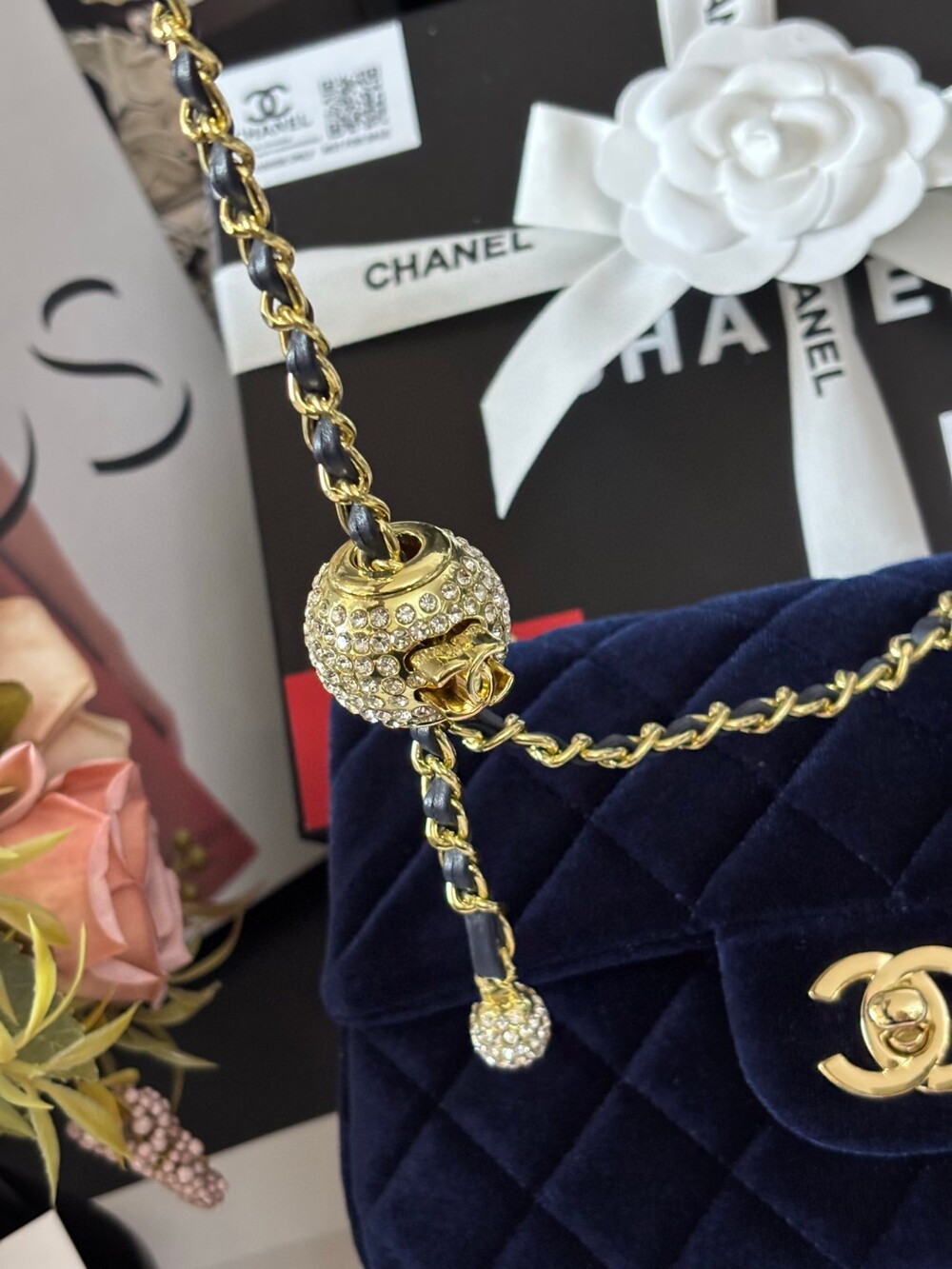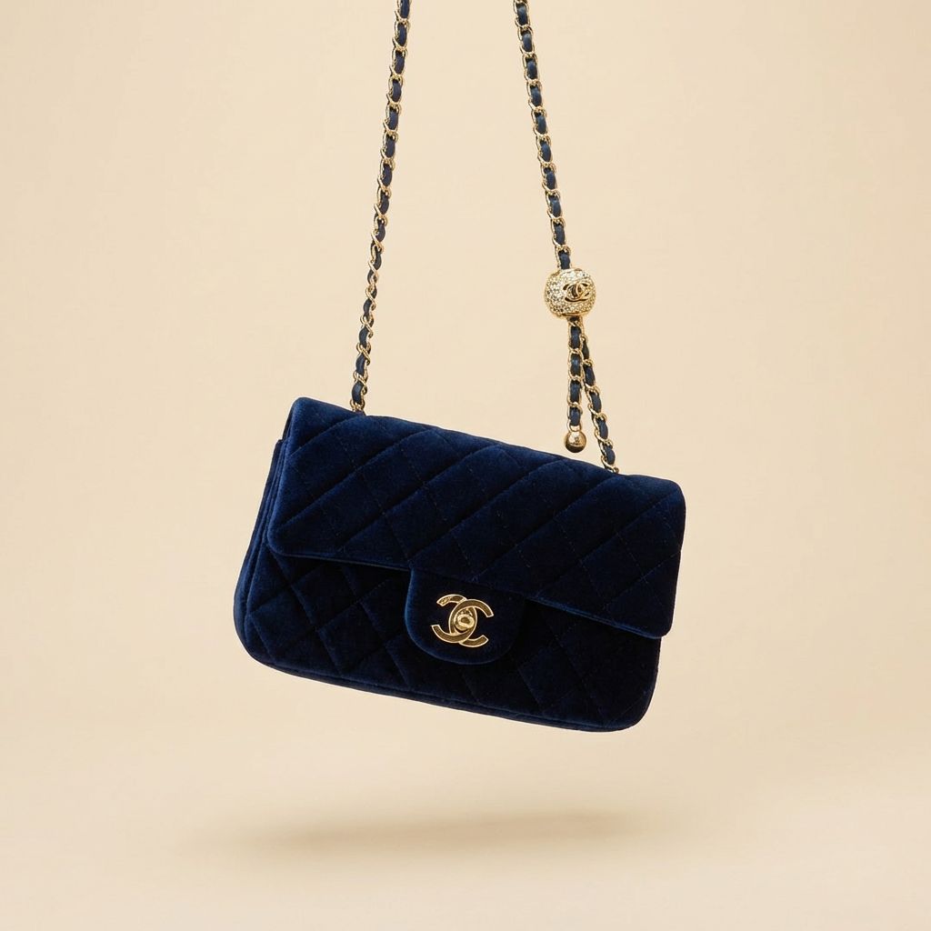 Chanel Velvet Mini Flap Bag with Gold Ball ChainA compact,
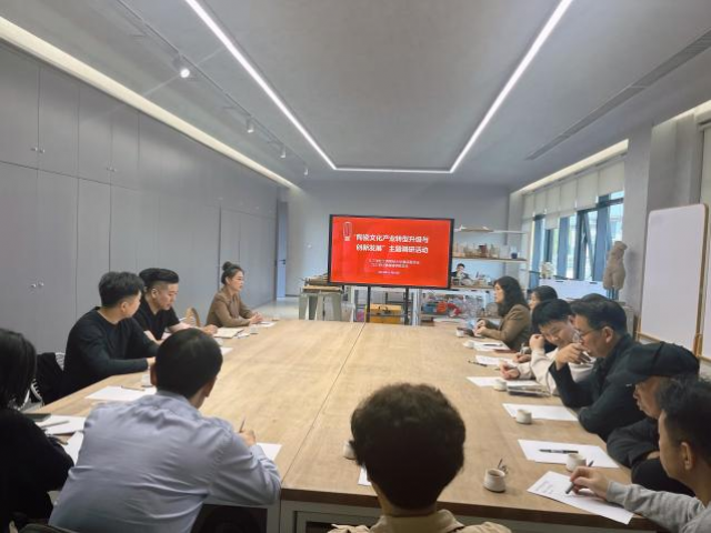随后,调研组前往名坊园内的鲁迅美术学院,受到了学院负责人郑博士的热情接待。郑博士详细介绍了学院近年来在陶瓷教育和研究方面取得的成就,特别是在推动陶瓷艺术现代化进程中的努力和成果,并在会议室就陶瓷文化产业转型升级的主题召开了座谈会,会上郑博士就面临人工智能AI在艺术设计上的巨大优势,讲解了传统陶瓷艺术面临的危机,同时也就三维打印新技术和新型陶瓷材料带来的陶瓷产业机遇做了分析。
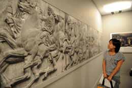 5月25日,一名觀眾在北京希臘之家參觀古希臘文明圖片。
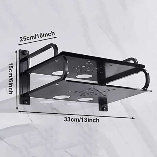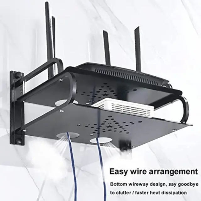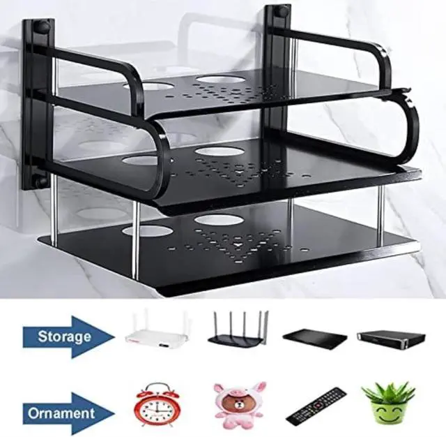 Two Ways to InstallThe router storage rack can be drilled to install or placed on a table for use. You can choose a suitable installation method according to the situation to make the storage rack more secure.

------------------------

Directions for this task:
Could you transcribe all of the data exactly, keeping every picture out of the copy?

Expected answer:
 Chanel Velvet Mini Flap Bag with Gold Ball ChainA compact,
随后,调研组前往名坊园内的鲁迅美术学院,受到了学院负责人郑博士的热情接待。郑博士详细介绍了学院近年来在陶瓷教育和研究方面取得的成就,特别是在推动陶瓷艺术现代化进程中的努力和成果,并在会议室就陶瓷文化产业转型升级的主题召开了座谈会,会上郑博士就面临人工智能AI在艺术设计上的巨大优势,讲解了传统陶瓷艺术面临的危机,同时也就三维打印新技术和新型陶瓷材料带来的陶瓷产业机遇做了分析。
 5月25日,一名觀眾在北京希臘之家參觀古希臘文明圖片。
 Two Ways to InstallThe router storage rack can be drilled to install or placed on a table for use. You can choose a suitable installation method according to the situation to make the storage rack more secure.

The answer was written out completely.